SVOLGIMENTO DEL PROCESSO
La società Larice Carni di Pio e Paolo Larice s.n.c. ha citato in giudizio davanti al Tribunale di Udine la S.p.A. Friudis, ora Gros Market Italia S.r.l., per sentirla condannare al pagamento della somma di L. 294.533.905 per una fornitura di carne ancora non pagata effettuata in favore di Savoldelli Marcellino, titolare di un supermercato, sul rilievo che la Friudis era debitrice solidale per l'acquisto dell'azienda dello stesso Savoldelli, ai sensi dell'art. 2560 c.c., comma 2.
Nel costituirsi in giudizio la società Friudis ha contestato di essere obbligata solidale in quanto aveva acquistato non la totalità della azienda, ma solo un ramo aziendale, a cui era totalmente estranea la merce fornita dalla Larice, che riguardava invece il settore aziendale rimasto di proprietà del Savoldelli. Previa autorizzazione, la Friudis ha chiamato in giudizio il Savoldelli che è rimasto contumace.
Il Tribunale di Udine, sul rilievo che nell'ipotesi di trasferimento di un ramo di azienda si applica l'articolo 2560 2 comma cod.civ., ma che l'accollo ex lege dei debiti deve avvenire proporzionalmente, e cioè in base al valore della parte dell'azienda ceduta rispetto all'intero compendio aziendale, dopo l'espletamento di una c.t.u., ha condannato la Friudis a pagare ti debito della Larice nella misura corrispondente al valore attribuito dal c.t.u al ramo di azienda ceduto, vale a dire nella misura dello 0,693973 dell'intero debito. La Corte di appello ha rigettato l'appello principale della Gros Market (già Friudis) ed ha accolto l'incidentale della Larice e, sul rilievo che non era stato trasferito un ramo d'azienda, ma l'intera azienda, che prima del 1987 era unica con una sola contabilità ed unico avviamento commerciale, ha condannato la Friudis a pagare l'intero debito della Larice.

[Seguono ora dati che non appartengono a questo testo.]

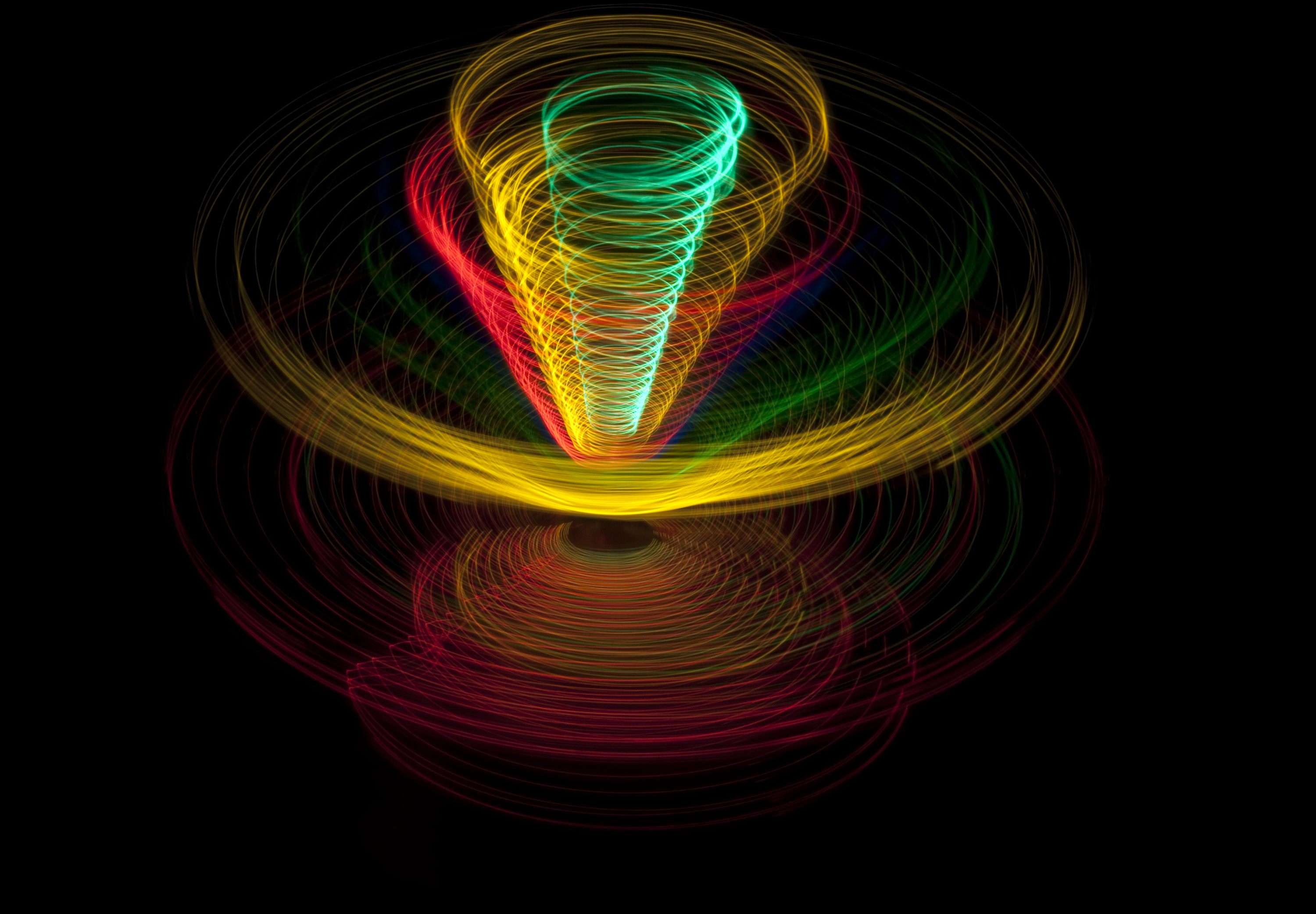 Keywords: light, pattern, circles, trails, trace, circle, colour, color, coloruful, multi-colored, multicoloured, bright, saturated, glowing, abstract, unusual, eye catching, elipse, cone, conical
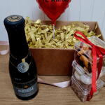 mini espumante - 1 un. caixa elegante - 1 un. trio de nuts + amendoas doces + amendoas defumadas - 1 un. balao coração metalizado 22 cm personalizado - 1 un.
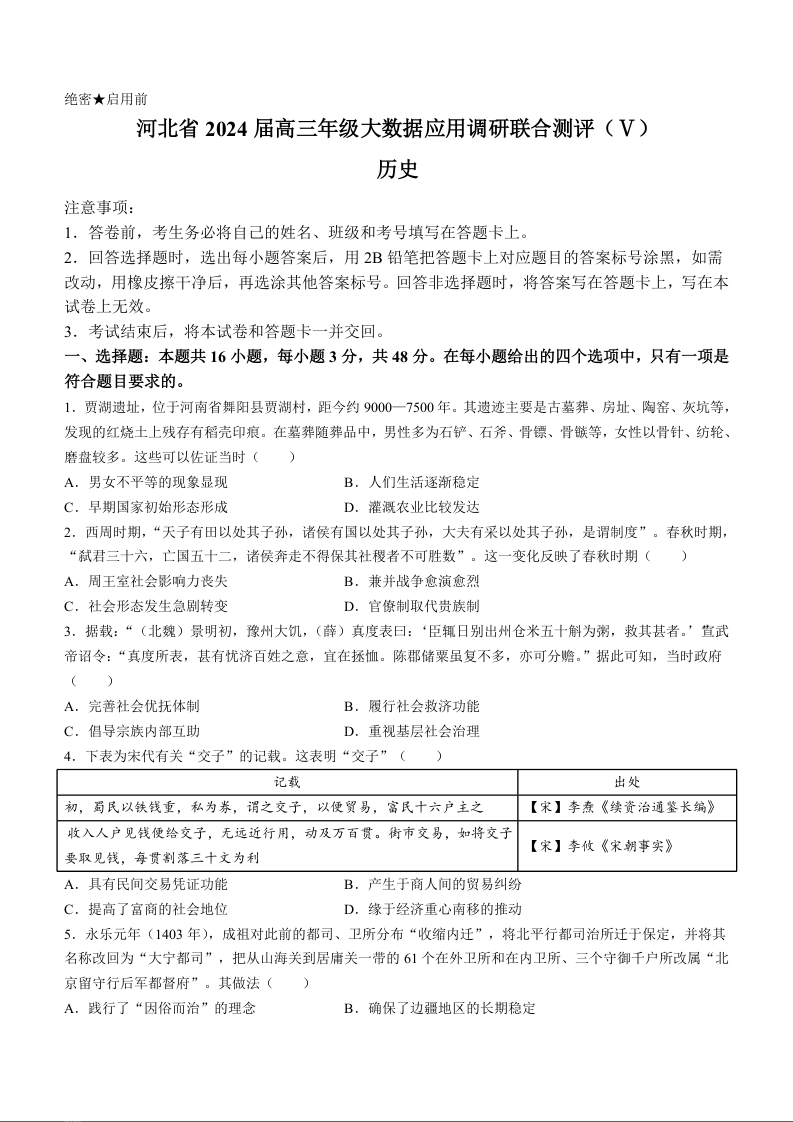 河北省大数据应用调研联合测评2024届高三下学期2月月考历史+答案

La Gros Market ha impugnato per cassazione, lamentando con il primo motivo che la controparte Larice nell'appello incidentale non aveva posto in discussione che era stato ceduto un solo ramo d'azienda, sicché la Corte d'appello aveva pronunciato ultrapetita nell'accertare che vi era stata cessione dell'intera azienda. La Corte di Cassazione, con sentenza numero 26414/09, ha accolto il primo motivo e dichiarato assorbiti gli altri, sul rilievo che la società Larice nel proporre l'appello incidentale non aveva contestato l'accertamento in fatto dell'avvenuta cessione solo di un ramo di azienda.
La Corte di appello di Trieste in sede di rinvio, sul presupposto del giudicato formatosi sulla circostanza in fatto che era stato ceduto un ramo di azienda e non l'intera azienda, ha ritenuto che il cessionario di un ramo di azienda, data la sussistenza di un'unica contabilità ed un unico avviamento, era tenuto al pagamento di tutti debiti aziendali.
La Corte di merito arriva ad affermare questo principio di diritto nella considerazione che i creditori in tanto hanno effettuato le forniture in quanto potevano contare sull'intero patrimonio aziendale, come rappresentato dai libri contabili. Avverso detta sentenza propone ricorso la Gros Market (ex Friudis) con quattro motivi illustrati da memoria.
Resiste la Larice Carni.
MOTIVI DELLA DECISIONE
1. Con il primo motivo di ricorso si denunzia violazione dell'art. 2560 c.c., in combinazione con l'art. 2555 c.c., artt. 12 e 14
preleggi, e art. 1372 c.c., in relazione all'art. 360 c.p.c., comma 1, n. 3, e carenza di motivazione ex art. 360 c.p.c., comma 1, nn. 4
e 5.
Secondo la società ricorrente la Corte di appello ha errato nel ritenere l'acquirente di un ramo di azienda deve rispondere di tutti i debiti pregressi dell'intera azienda.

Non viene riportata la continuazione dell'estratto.